Perché Evitare il KYC
KYC significa “Know Your Customer”: è l’obbligo per banche ed exchange di identificare i propri clienti. Sembra innocuo, ma per Bitcoin ha conseguenze pesanti.
Pensatela così: la blockchain è un registro pubblico ed eterno. Quando un exchange collega la vostra identità a un indirizzo Bitcoin, è come scrivere il vostro nome con il pennarello indelebile accanto a ogni transazione futura. Chiunque ottenga quei dati (hacker, dipendenti infedeli, autorità di qualsiasi paese) può ricostruire il vostro patrimonio e i vostri movimenti.

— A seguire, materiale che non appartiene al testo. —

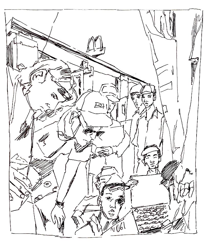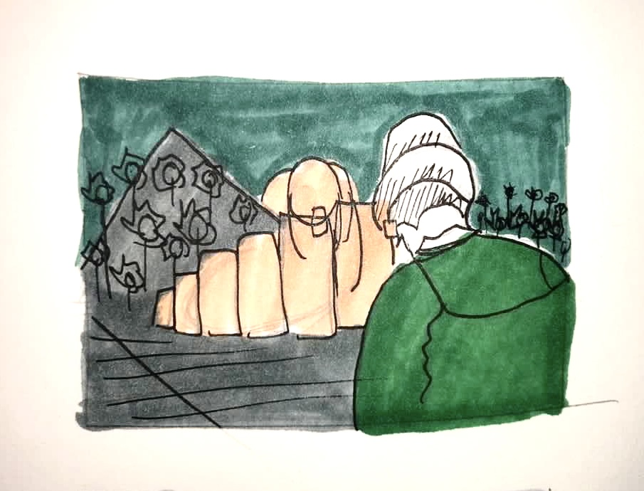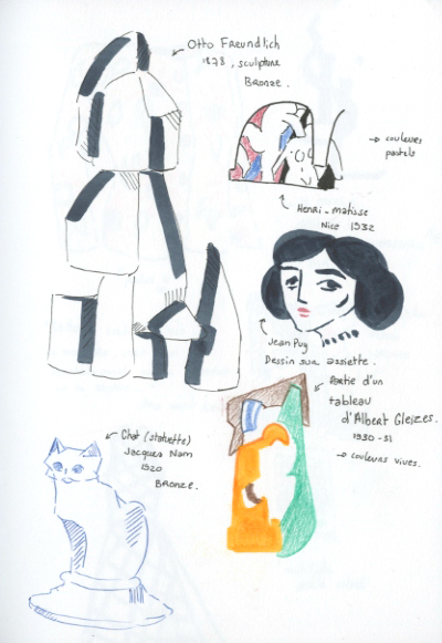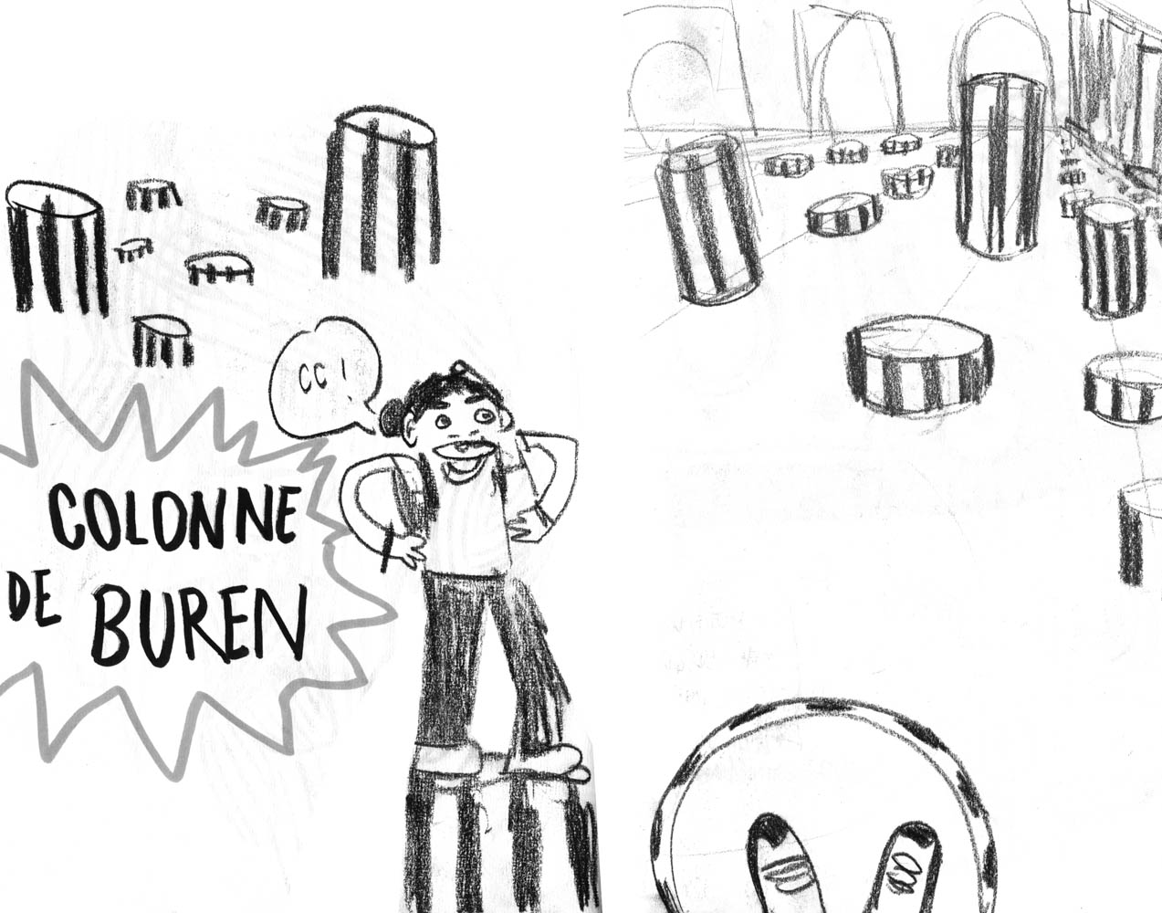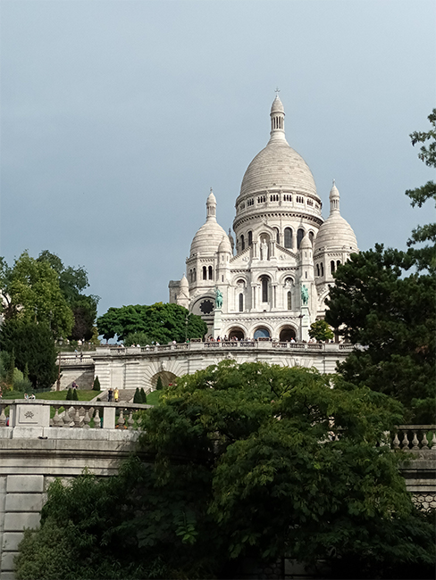 Au sommet de ParisConsidéré comme l’un des lieux les plus emblématiques de Paris, le Sacré-Cœur surplombe le XVIIIe arrondissement. Son architecture imposante se dresse face à nous lors de notre ascension jusqu’au pied de la basilique. Cet édifice religieux propose de nombreuses messes chaque jour attirant des touristes du monde entier. Après un effort physique conséquent face aux marches menant à la basilique, un étonnant panorama apparait. Ce dernier offre une liberté visuelle époustouflante, un lieu où l’on se rend compte de l’immensité de Paris, de ses alentours et de Montmartre. La complexité de l’architecture néo-classique de ce monument apporte une atmosphère riche en histoire. Bien que l’abondance de touristes nous ai dissuadé d’entrer dans cet édifice, on imagine facilement depuis l’extérieur l’aspect à la fois pesant des grandes architectures et la quiétude résonante au sein du monument. Disposé sur les hauteurs de Montmartre, ce lieu semble régner sur Paris faisant écho à l’intérêt de sa construction lors de la Troisième République. Au-delà de la découverte de Paris grâce à ce point de vue, ce lieu a été source d’engouement et de créativité afin de garnir nos carnets de croquis.

I problemi concreti del KYC:
- Honeypot di dati: gli exchange vengono bucati di continuo. Il leak di Ledger del 2020 ha esposto nomi e indirizzi di casa di centinaia di migliaia di clienti, con tanto di minacce ed estorsioni a domicilio. Un database che dice “questa persona possiede Bitcoin e abita qui” è un invito a nozze.

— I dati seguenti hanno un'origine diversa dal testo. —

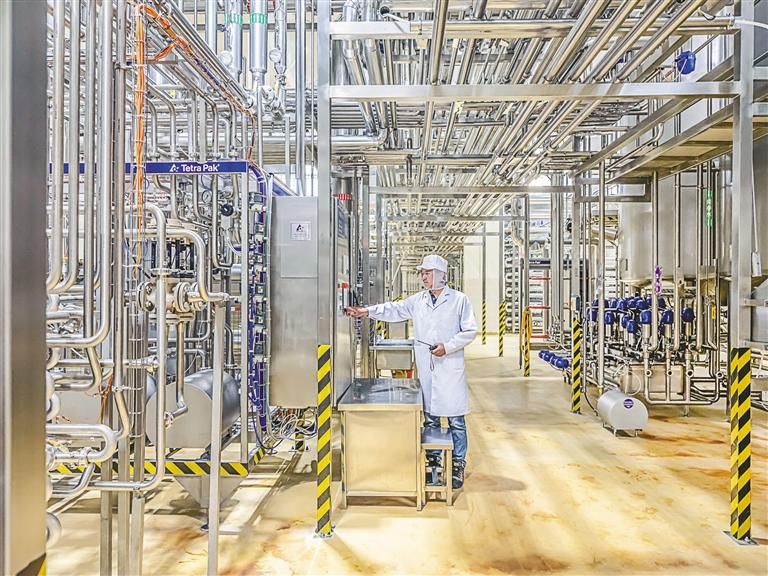 工作人員在北京市援建的西藏凈土乳業(yè)車(chē)間工作。

- Sorveglianza permanente: i dati KYC vengono conservati per anni e condivisi con società di chain analysis. Ogni vostro UTXO viene etichettato.

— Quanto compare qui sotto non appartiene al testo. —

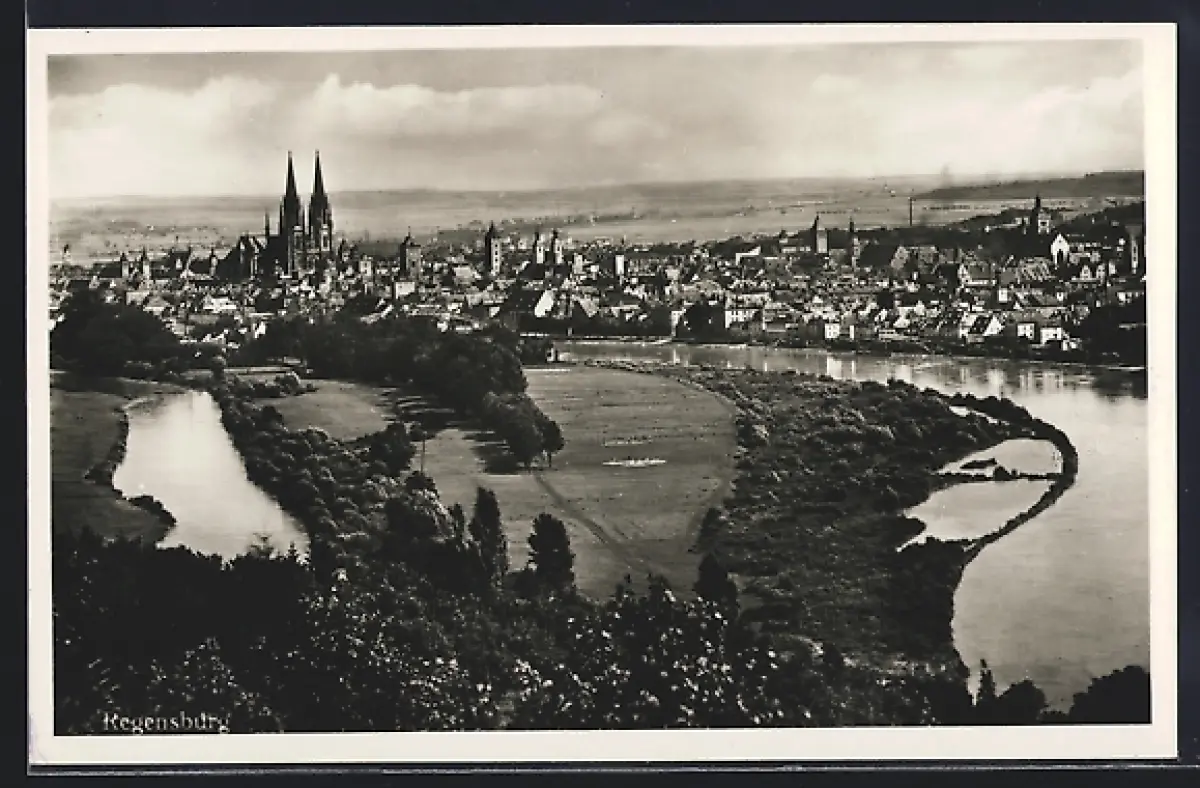 AK Regensburg, Totalansicht mit Flusspartie

- Censura: un exchange può congelare i fondi o chiudervi l’account per un sospetto algoritmico, senza appello.
- Rischio futuro: le regole cambiano. I dati che oggi sembrano innocui potrebbero essere usati domani in modi che oggi non immaginate.
Una cosa fondamentale da chiarire subito: Bitcoin è nato esattamente per questo, scambiare valore tra persone senza chiedere il permesso a nessun intermediario. Comprare da un altro privato è commercio tra esseri umani, la cosa più antica del mondo. La privacy non è una concessione da invocare: è il punto di partenza.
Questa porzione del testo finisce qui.